- The AI boom is still fuelling extraordinary growth at Nvidia
- The AI chip and software specialist has reported a year-on-year revenue increase of 262% for its fiscal first quarter
- Its operating profit for the quarter leaped by 690% to $16.9bn
- It’s making hay while the GenAI sun shines, but at least one analyst believes it’s only a matter of time before reality bites
AI chip and software vendor Nvidia has once again defied expectations by reporting staggering sales and earnings growth for its most recent financial quarter as the insatiable demand for its technology, particularly from the datacentre sector, continues unabated.
There were some suggestions that the growing demand for Nvidia’s graphics processing units (GPUs) and supporting software might be tempered a little (and briefly) while customers waited for the company’s next-generation chip called Blackwell, which Nvidia unveiled earlier this year.
Not a bit of it: The vendor is selling as much as it can physically produce right now to provide the technology needed to train and interrogate the large language models (LLMs) that are being developed to enable generative AI (GenAI) services. Just one customer, Amazon Web Services (AWS), it seems, is holding back a bit ahead of Blackwell’s availability, but that didn’t dent the company’s growth.
For its fiscal first quarter that ended 28 April, Nvidia reported revenues of just over $26bn, up 262% year on year. Datacentre customers accounted for $22.6bn, up by 427% year on year. Operating profit jumped by 690% to $16.9bn and pure net profit jumped 628% to almost $14.9bn. All of these numbers exceeded the expectations of the financial analyst community and were published after the US stock market closed on Wednesday: In after-hours trading, Nvidia’s share price increased by 6.7% to 1,013.28, valuing the company at almost $2.5tn.
And the sales number isn’t hitting a plateau just yet: Nvidia expects its fiscal second-quarter revenues to hit $28bn, even better than Wall Street’s expectations of $26.66bn.
For more on Nvidia’s first-quarter results see this press release.
Jensen Huang, Nvidia’s founder and CEO, stated: “The next industrial revolution has begun – companies and countries are partnering with Nvidia to shift the trillion-dollar traditional datacentres to accelerated computing and build a new type of datacentre – AI factories – to produce a new commodity: Artificial intelligence. AI will bring significant productivity gains to nearly every industry and help companies be more cost and energy efficient, while expanding revenue opportunities.”

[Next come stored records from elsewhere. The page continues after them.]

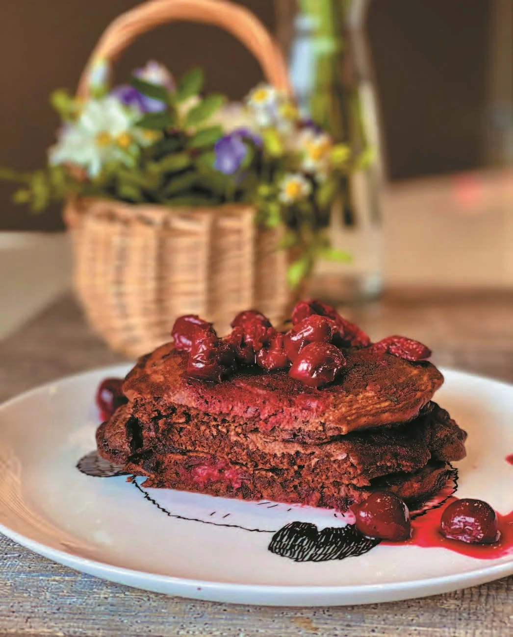 Шоколадные панкейки с вишней
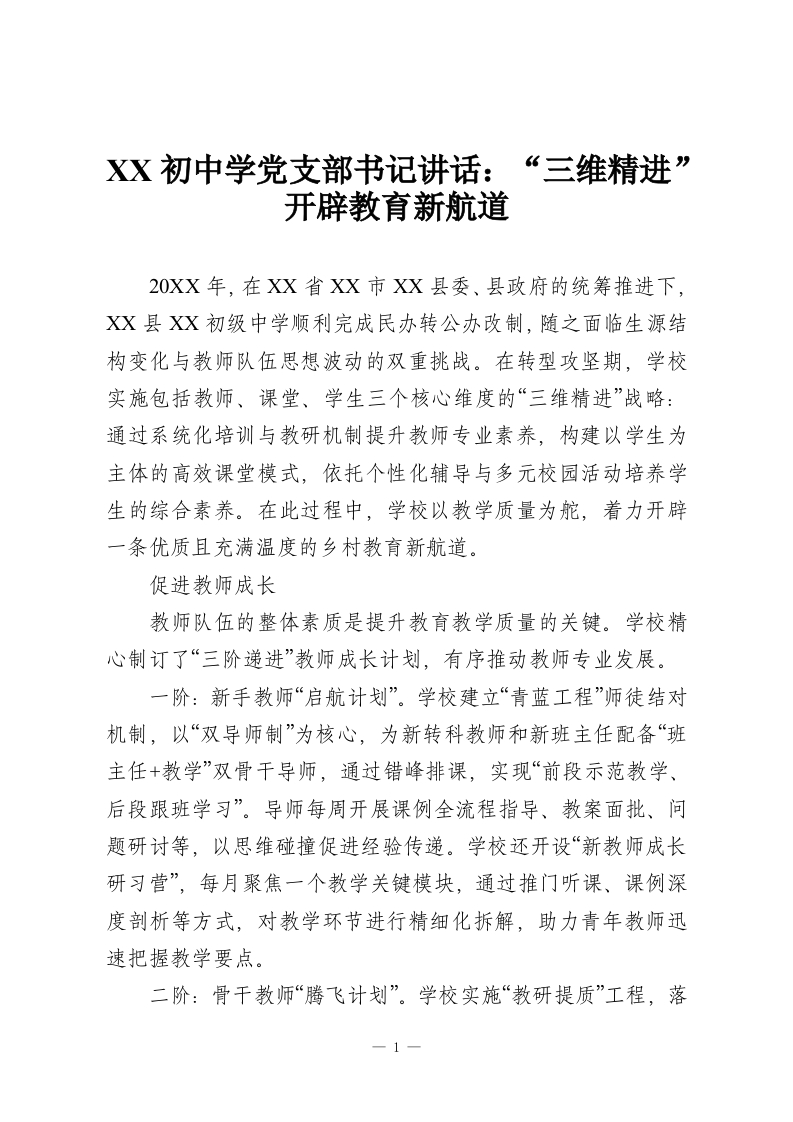 XX初中学党支部书记讲话:“三维精进”开辟教育新航道20XX年,在XX省XX市XX县委、县政府的统筹推进下,XX县XX初级中学顺利完成民办转公办改制,随之面临生源结构变化与教师队伍思想波动的双重挑战。在转型攻坚期,学校实施包括教师、课堂、学生三个核心维度的“三维精进”战略:通过系统化培训与教研机制提升教师专业素养,构建以学生为主体的高效课堂模式,依托个性化辅导与多元校园活动培养学生的综合素养。在此过程中,学校以教学质量为舵,着力开辟一条优质且充满温度的乡村教育新航道。促进教师成长教师队伍的整体素质是提升教育教学质量的关键。学校精心制订了“三阶递进”教师成长计划,有序推动教师专业发展。一阶:新手教师“启航计划”。学校建立“青蓝工程”师徒结对机制,以“双导师制”为核心,为新转科教师和新班主任配备“班主任+教学”双骨干导师,通过错峰排课,实现“前段示范教学、后段跟班学习”。导师每周开展课例全流程指导、教案面批、问题研讨等,以思维碰撞促进经验传递。学校还开设“新教师成长研习营”,每月聚焦一个教学关键模块,通过推门听课、课例深度剖析等方式,对教学环节进行精细化拆解,助力青年教师迅速把握教学要点。二阶:骨干教师“腾飞计划”。学校实施“教研提质”工程,落1
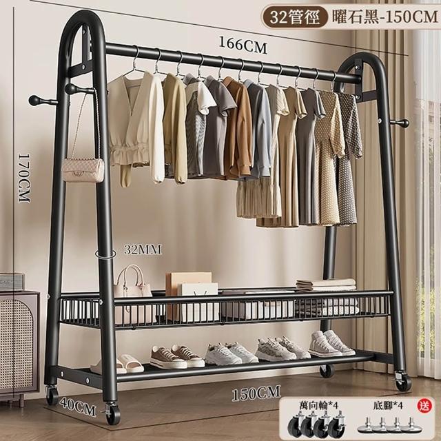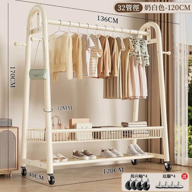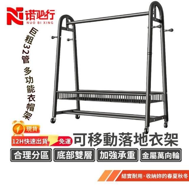 諾必行衣帽架 落地衣架 掛衣架【巨粗32管】可移動晾衣架 衣帽架 衣架組 送輪子+底腳
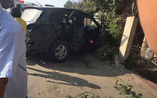Chiếc xe con đi thăm người thân thì không may gặp tai nạn.
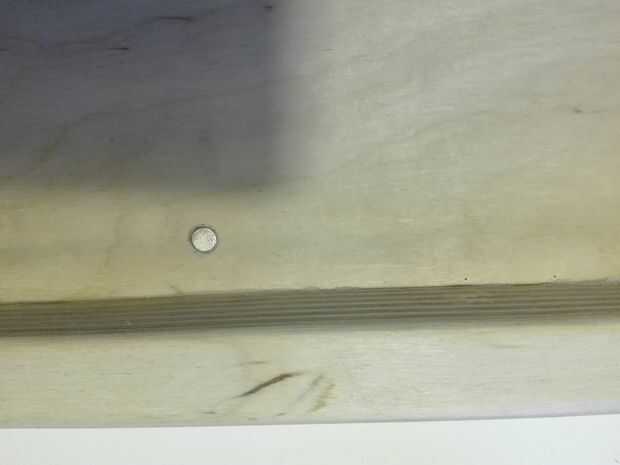 7. Inserte un segundo imán de disco de neodimio de 4 mm en el playboard, para que este imán está alineado con el imán en la empuñadura cuando la manija es cerrada (Fig. 5). Esto hará que mantengas la manija y la cuerda cerrada y en lugar cuando la playboard es transportado o almacenado (Fig. 1).

He continued: “Our datacentre growth was fuelled by strong and accelerating demand for generative AI training and inference on the Hopper platform. Beyond cloud service providers, generative AI has expanded to consumer internet companies, and enterprise, sovereign AI, automotive and healthcare customers, creating multiple multibillion-dollar vertical markets. We are poised for our next wave of growth. The Blackwell platform is in full production and forms the foundation for trillion-parameter-scale generative AI,” stated Huang.
Among those looking to capitalise on that “next wave of growth” are the telcos, some of which have struck important relationships with Nvidia to build GPU-based cloud facilities and develop new services for their customers, including Telenor, Swisscom, Iliad’s Scaleway, Indosat and Singtel.
But, as we know, all good things must come to an end: Nvidia’s sales can’t grow for ever and certainly not at the current pace, but at the moment it’s in a league of its own, as seasoned technology analyst Richard Windsor noted in his latest Radio Free Mobile blog.
“Nvidia contemptuously swept aside both its critics and its competition, and reported another huge set of results that confirmed that the AI frenzy and the bubble continue to grow and inflate,” noted Windsor.
He added that the vendor’s incredibly high gross margins of 78.4% suggest it can pretty much charge what it likes for its technology because only Nvidia has the tech that everyone needs to fulfil customer demand for AI workloads. “Nobody wants to buy chips from the competition, many of whom are struggling to make any sales unless they address a very specific niche in the market,” wrote Windsor.
But as is often the case, Windsor is the voice of reason when it comes to real-world capabilities and market dynamics: He has long said that the economics and valuations associated with generative AI don’t really stack up and that, at some point, there will be a reset.
“At some point, it will become clear that the LLMs that power generative AI have no understanding of causality and remain unable to reason… This is important because these are two crucial abilities that the machines need to become truly intelligent,” and without that true intelligence, GenAI will ultimately fail to live up to the hype currently being peddled by the hyperscalers and the AI sector, reckons Windsor, and when that happens, there will be “a correction, just like there is every single time the market gets worked up in a frenzy like this.”
However, Nvidia as a company is not going to suddenly shrivel and die: Expectations about GenAI’s capabilities will be reset but it will still be very useful in lots of different ways. “Generative AI has a lot of use cases even with the machines being unable to reason or understand causality,” notes Windsor, and that will give Nvidia a long tail of business.
There’s more in Windsor’s analysis, which is well worth checking out and following.
In the meantime, Nvidia remains the AI tech firm to watch and do business with (if you can afford it).